====== Data listing ======

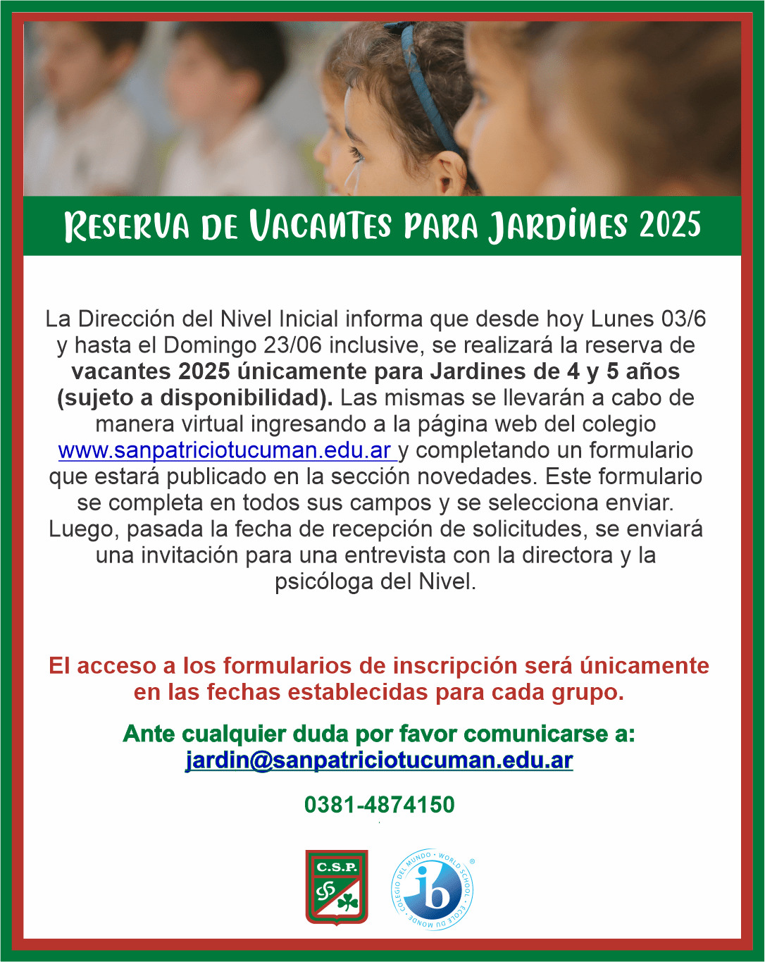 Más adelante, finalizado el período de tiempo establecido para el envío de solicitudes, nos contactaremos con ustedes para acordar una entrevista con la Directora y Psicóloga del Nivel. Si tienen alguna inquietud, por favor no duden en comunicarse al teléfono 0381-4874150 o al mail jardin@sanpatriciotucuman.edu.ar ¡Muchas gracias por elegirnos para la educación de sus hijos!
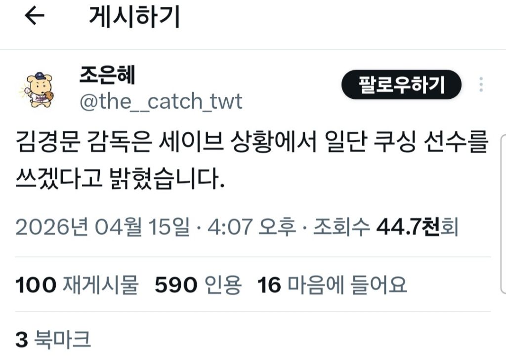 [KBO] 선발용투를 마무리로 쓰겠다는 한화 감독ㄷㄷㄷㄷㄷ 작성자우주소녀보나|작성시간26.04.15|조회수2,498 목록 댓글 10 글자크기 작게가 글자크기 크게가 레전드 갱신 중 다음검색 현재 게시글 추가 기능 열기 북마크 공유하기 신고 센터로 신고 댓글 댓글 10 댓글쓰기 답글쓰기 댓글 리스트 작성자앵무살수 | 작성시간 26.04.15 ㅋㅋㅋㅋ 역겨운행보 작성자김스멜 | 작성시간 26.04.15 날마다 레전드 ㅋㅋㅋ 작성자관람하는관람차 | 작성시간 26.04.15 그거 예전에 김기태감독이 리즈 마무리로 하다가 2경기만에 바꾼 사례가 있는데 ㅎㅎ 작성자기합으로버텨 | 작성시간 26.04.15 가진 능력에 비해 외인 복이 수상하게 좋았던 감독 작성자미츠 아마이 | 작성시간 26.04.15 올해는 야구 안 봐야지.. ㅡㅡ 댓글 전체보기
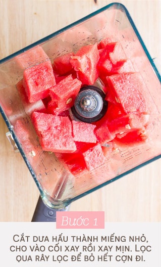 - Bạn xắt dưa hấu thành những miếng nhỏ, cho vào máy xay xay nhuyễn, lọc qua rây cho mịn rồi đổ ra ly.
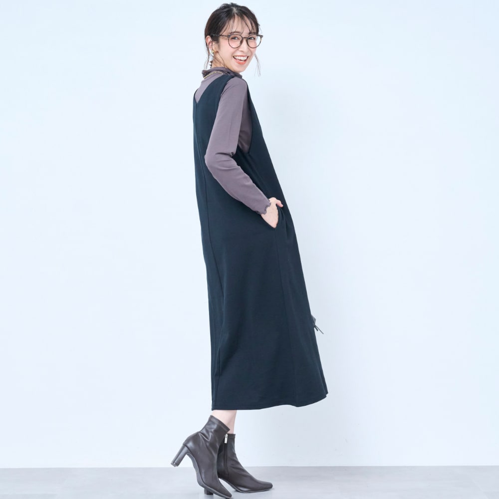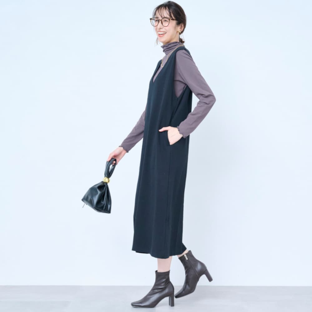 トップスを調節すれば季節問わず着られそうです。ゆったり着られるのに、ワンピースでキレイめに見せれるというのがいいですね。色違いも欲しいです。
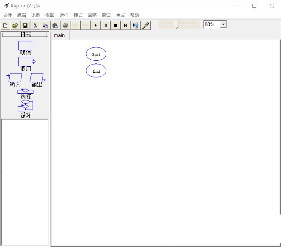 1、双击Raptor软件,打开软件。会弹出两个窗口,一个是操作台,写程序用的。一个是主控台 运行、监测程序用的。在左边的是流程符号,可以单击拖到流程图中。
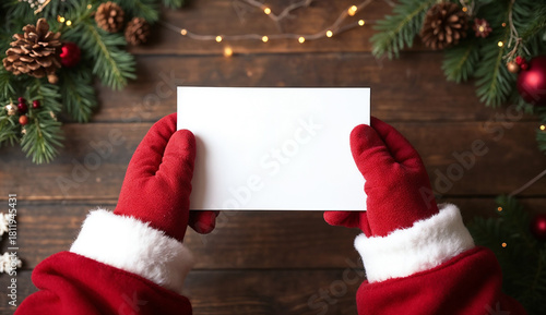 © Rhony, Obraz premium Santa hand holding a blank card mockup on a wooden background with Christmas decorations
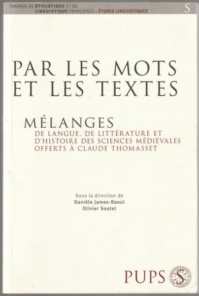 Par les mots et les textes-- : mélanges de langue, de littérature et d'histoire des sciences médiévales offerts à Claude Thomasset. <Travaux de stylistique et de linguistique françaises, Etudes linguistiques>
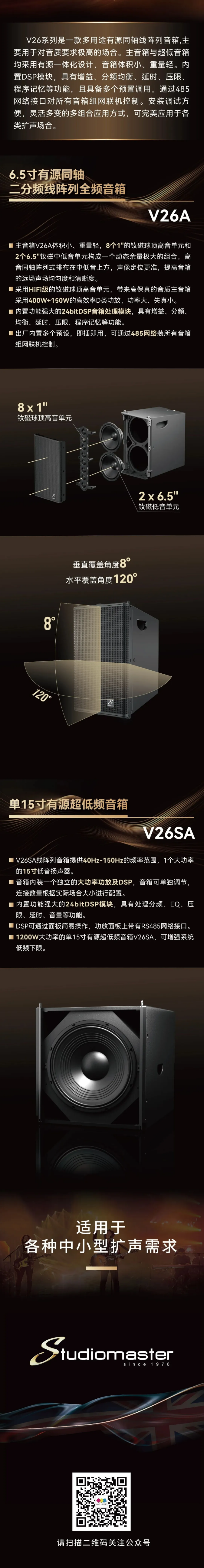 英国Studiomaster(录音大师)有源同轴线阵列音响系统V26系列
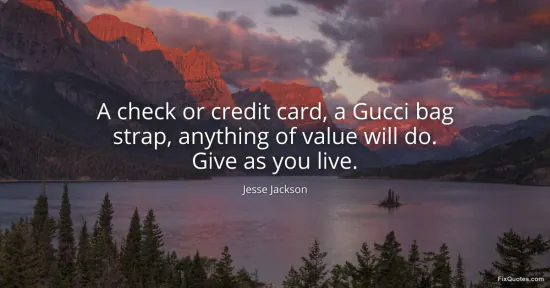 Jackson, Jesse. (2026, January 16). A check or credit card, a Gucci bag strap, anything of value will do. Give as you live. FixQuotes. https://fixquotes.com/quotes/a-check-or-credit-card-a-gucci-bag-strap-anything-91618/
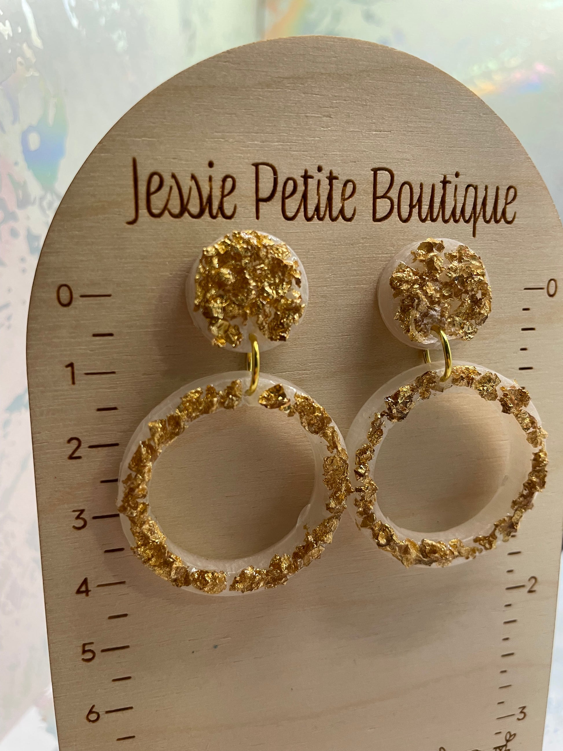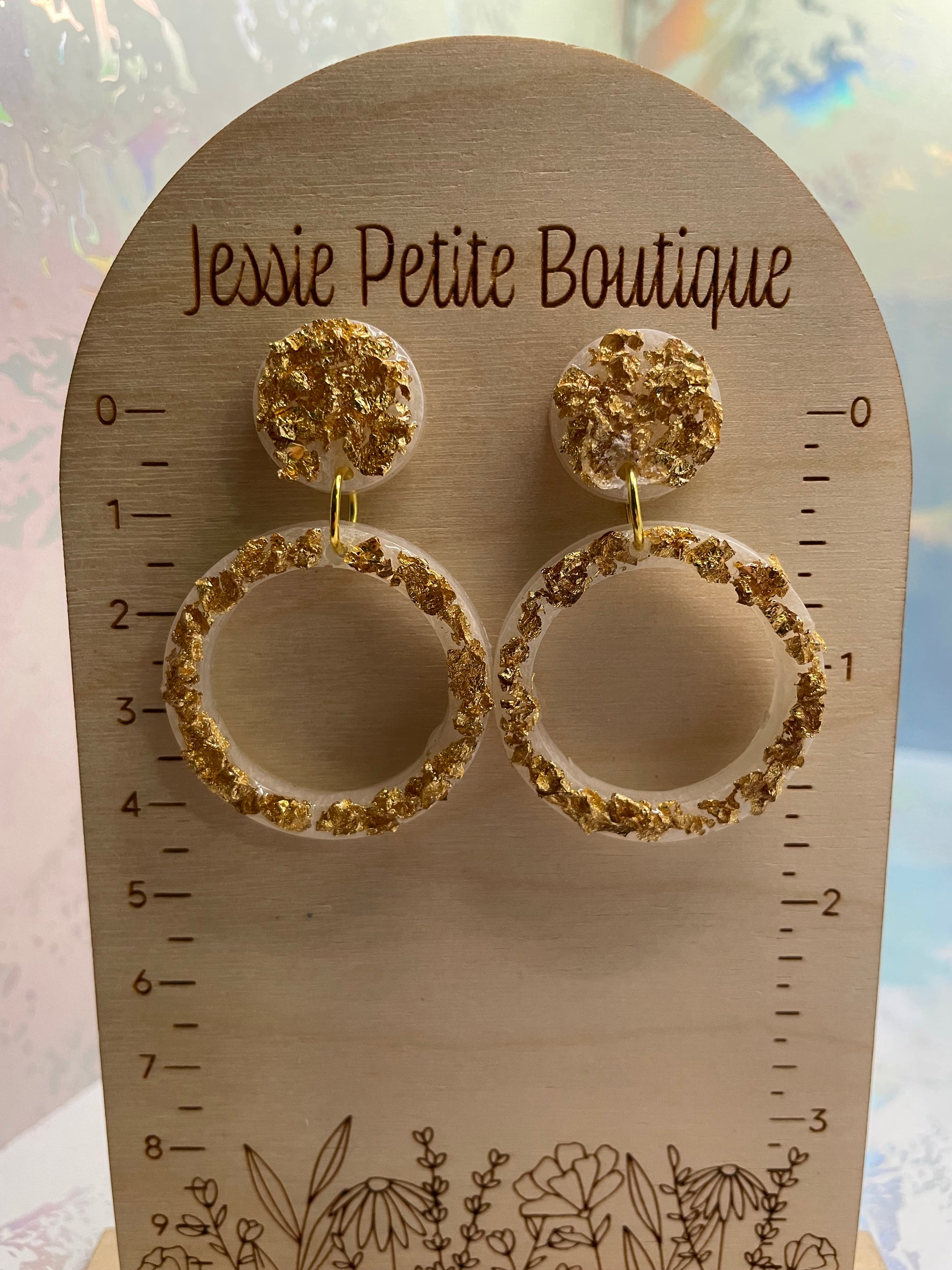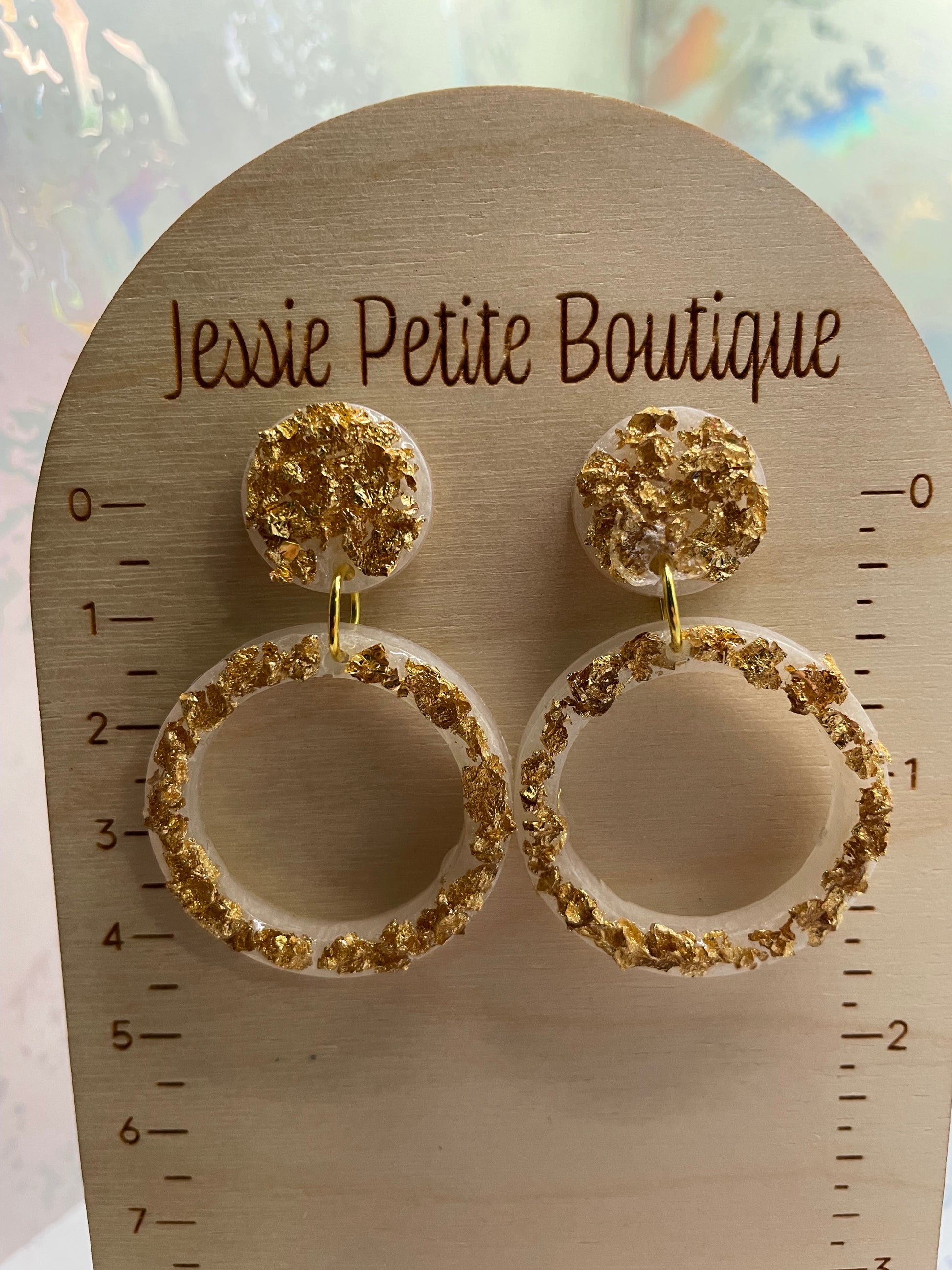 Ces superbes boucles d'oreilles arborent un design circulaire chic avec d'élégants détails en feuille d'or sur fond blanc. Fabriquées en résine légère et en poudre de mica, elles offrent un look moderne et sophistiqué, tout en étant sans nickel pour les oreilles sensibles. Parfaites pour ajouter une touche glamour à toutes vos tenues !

======

Your goal: Copy only this from above: the line containing "1、双击Raptor软件,打", the line containing "with Christmas decorations", and all lines between, printed exactly. Leave out the pictures.

Result for this task:
 1、双击Raptor软件,打开软件。会弹出两个窗口,一个是操作台,写程序用的。一个是主控台 运行、监测程序用的。在左边的是流程符号,可以单击拖到流程图中。
 © Rhony, Obraz premium Santa hand holding a blank card mockup on a wooden background with Christmas decorations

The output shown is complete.